Completeness is another important Akeneo feature designed to ensure a product isn’t exported to your channels until all important product attributes are filled out. Completeness also helps the business team structure their workflow across channels and locales and is the basis of productivity tools like Projects and Views. The rules engines allow the automatic transformation of data by the PIM based on predetermined business rules, and Proposals are a validation workflow to ensure nothing falls through the cracks.
Finally, Akeneo has recently released two new tools, the Akeneo Onboarder and Ask Franklin. The Onboarder allows suppliers to interface directly with the retailer’s Akeneo environment and provide data in a predetermined format. Franklin, meanwhile, utilizes AI and machine learning to provide technical product information about your products, and can also directly interface with Akeneo.

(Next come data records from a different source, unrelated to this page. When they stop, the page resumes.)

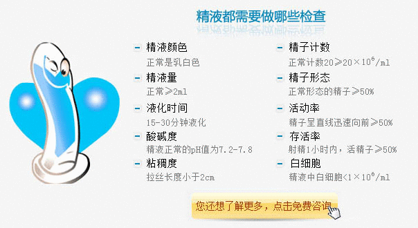 1、精液不液化症:一般正常的精液呈均匀流动液体,如果离体精液在室温下(22~25摄氏度)60分钟仍不液化或仍含有液化的凝集块,称为“精液不液化症”,则影响精子的凝集或制动,减缓或抑制精子正常运动。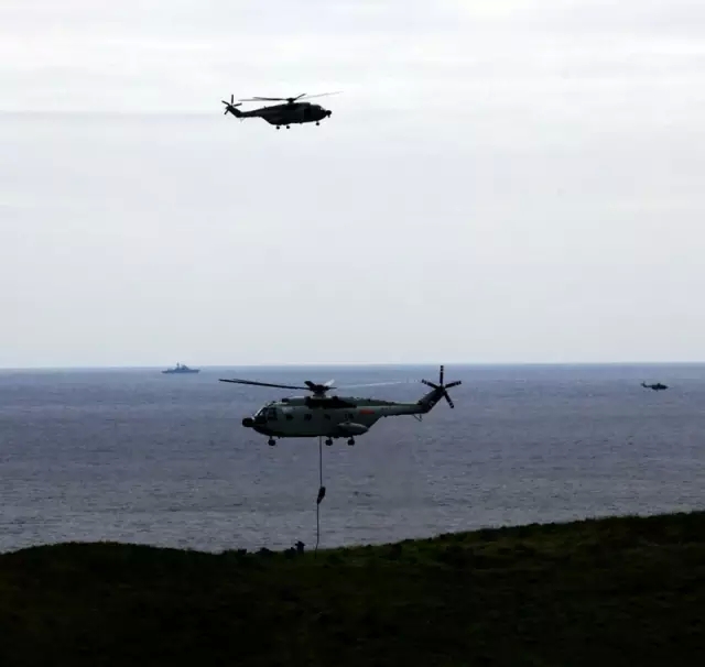 当两栖侦察中队中队长梁秦强从12米高空悬停的直升机滑下,一脚踩到彼得大帝湾克列尔卡角的土地上,他便创造了一个历史:中国海军陆战队首次在境外展开立体登陆演习。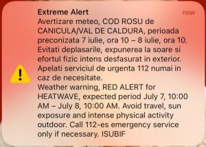 Restricțiile de circulație pe perioada codului roșu de caniculă vor fi impuse în continuare luni, 15 iulie și marți, 16 iulie 2024. Aceste restricții survin ca urmare a avertizării meteorologice a ANM conform căreia temperaturile vor ajunge în cele două zile până la valori de 42 de grade Celsius.Potrivit CNAIR, în perioada 15 - 16 iulie, între orele 11.00 și 19.00, autovehiculele cu masa maximă autorizată mai mare de 12 tone, nu vor putea circula pe sectoarele de autostrăzi, drumuri expres și drumuri naționale aflate în administrarea următoarelor Direcții Regionale: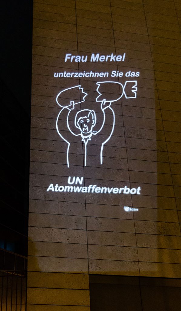 Unterstützer der mit dem Friedensnobelpreis ausgezeichneten Internationalen Kampagne zur Abschaffung von Atomwaffen (ICAN) wandten sich mit der Aktion in der Nacht auf Donnerstag direkt an die Kanzlerin und Parteivorsitzende: „Frau Merkel, unterzeichnen Sie das UN-Atomwaffenverbot!“ Außerdem war Angela Merkel mit einer durchgebrochenen Atombombe zu sehen.

There are also options outside of Akeneo that can be used in conjunction with the PIM to help ensure data quality. Developers can write scripts and utilize regular expressions in their language of choice (PHP, Java, Ruby, Python, etc.) to parse relevant data and cleanse it based on pre-established business logic. Customers can also use more traditional means to fix their data issues, such as emailing or calling a supplier or other internal teams directly and requesting better data.
Iterate to Great
It’s important to remember that it may be unrealistic or even impossible to correct all of this information in a single effort. Instead, it’s best to take an iterative approach. A PIM implementation is a great opportunity to start the process; during this migration, you can focus on the most critical data issues and establish governance using Akeneo’s many available features in the PIM. Once live, you can then progressively work towards improving your data by assigning your product team small side projects around certain attributes or parts of the product catalog.
It’s easy to get caught up on the latest new technologies surrounding the ecommerce space, but it’s important to remember that these new technologies are ultimately just tools. A new tool may dazzle your customers with how it presents your products, but if there’s no effective data governance policy in place your customers will still be seeing the same inaccurate or missing information that could impact their purchase decision.